Apart from the Swifts, we have had few summer visitors this year. A handful of Swallows and warblers (Blackcap, Chiffchaff and Willow Warbler) have passed through, though none seem to have stayed long.

Quite a few of our resident birds have been breeding though, with the Canada Geese almost ready to fly at 2 months old.Gosling

Larger Gosling
Canada Gosling

The Egyptian Geese have almost grown up too, they’re now about six weeks old.

Egyptian Gosling

Egyptian Goslings
Egyptian Goslings

Both Goose families have been exceptionally good parents and all eight Egyptians and six of the seven Canadas are still looking healthy, and by September they will have probably dispersed.

The Swans have not done quite so well. Only two of five eggs hatched, and sadly we’ve just lost one of the cygnets who were so dramatically rescued from the fountain pond a few weeks ago.

Cygnet
Cygnet

Ducks have been less successful too:

Mallards at Froebel had an early brood of three. Only two survived but just yesterday (2nd July) a second brood of nine were on the pond.
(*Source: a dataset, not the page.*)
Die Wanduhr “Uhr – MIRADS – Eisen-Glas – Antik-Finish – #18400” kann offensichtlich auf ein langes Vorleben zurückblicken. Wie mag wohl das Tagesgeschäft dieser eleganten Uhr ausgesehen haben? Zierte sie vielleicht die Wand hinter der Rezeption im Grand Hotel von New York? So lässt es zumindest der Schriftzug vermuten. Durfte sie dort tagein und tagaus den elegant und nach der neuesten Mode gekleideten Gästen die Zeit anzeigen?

Unfortunately I’ve seen no sign of them today, but hopefully they’re hiding out somewhere.

A pair of Tufted Ducks at Digby had four ducklings, three of which are still around, but the 2018 wildfowl breeding champions are likely to be the other Tufted Duck family who have just produced fourteen ducklings!  No wonder Mum looks a little bit dazed.

Tufted Duck family
Tufted Duck family

The Coots and Moorhens are still producing more young in their erratic way.
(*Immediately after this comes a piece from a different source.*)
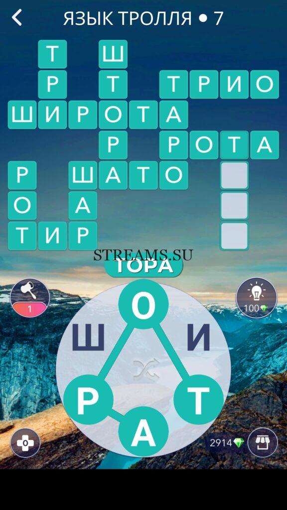 WOW ответы — Уровень 7: ЯЗЫК ТРОЛЛЯ. (550 — ВОЯЖ) В этом уровне нам нужно составить слова из следующих букв: «ШТАРОИ«. Готовы совершить кругосветное путешествие? Эта чудесная игра исполнит ваше желание! С каждым последующим уровнем, будет расти сложность заданий. Игра WOW создана в виде кроссворда, в котором нужно будет соединять буквы, чтобы получить несколько слов. Чем больше вы будете отгадывать слов, тем проще будет отгадать остальное. С помощью Words of Wonders вы сможете расширить свой словарный запас, улучшить внимательность и хорошенько прокачать свой мозг! Если вы не можете пройти один из уровней, воспользуйтесь подсказкой с нашего сайта.
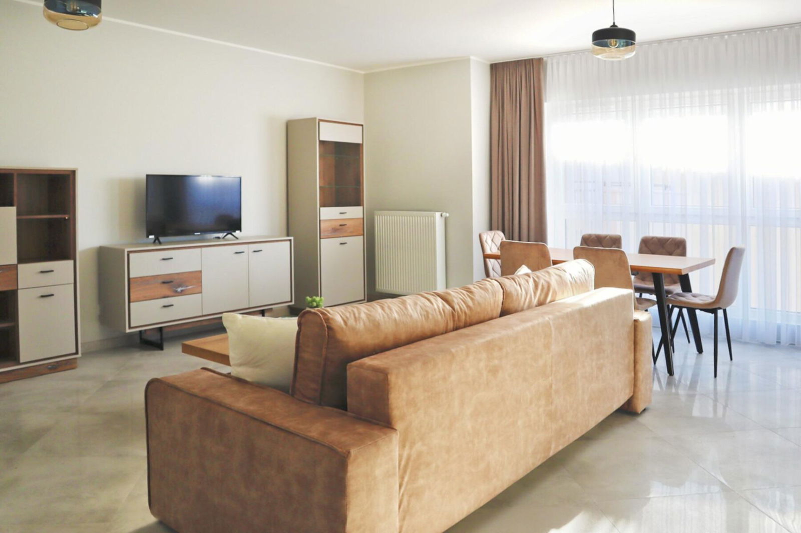 This apartment has been carefully designed with a modern lifestyle in mind, while maintaining the atmosphere of the Old Town of Elbląg. The spacious living room connects to the dining room, creating an open space ideal for family meetings or parties. Large windows provide plenty of natural light, and the sunny balcony is a perfect place for morning coffee or relaxing evenings.

Baby Crows, Magpies, Starlings and Robins have made appearances, but all of these land nesting birds don’t make public appearances until they have a reasonable covering of feathers (the technical term is altricial). Numerous other birds have actually bred, but have not obliged to posing.  For my part I’m about to go on holiday. I’ll be back in the autumn, I hope everybody has a brilliant summer.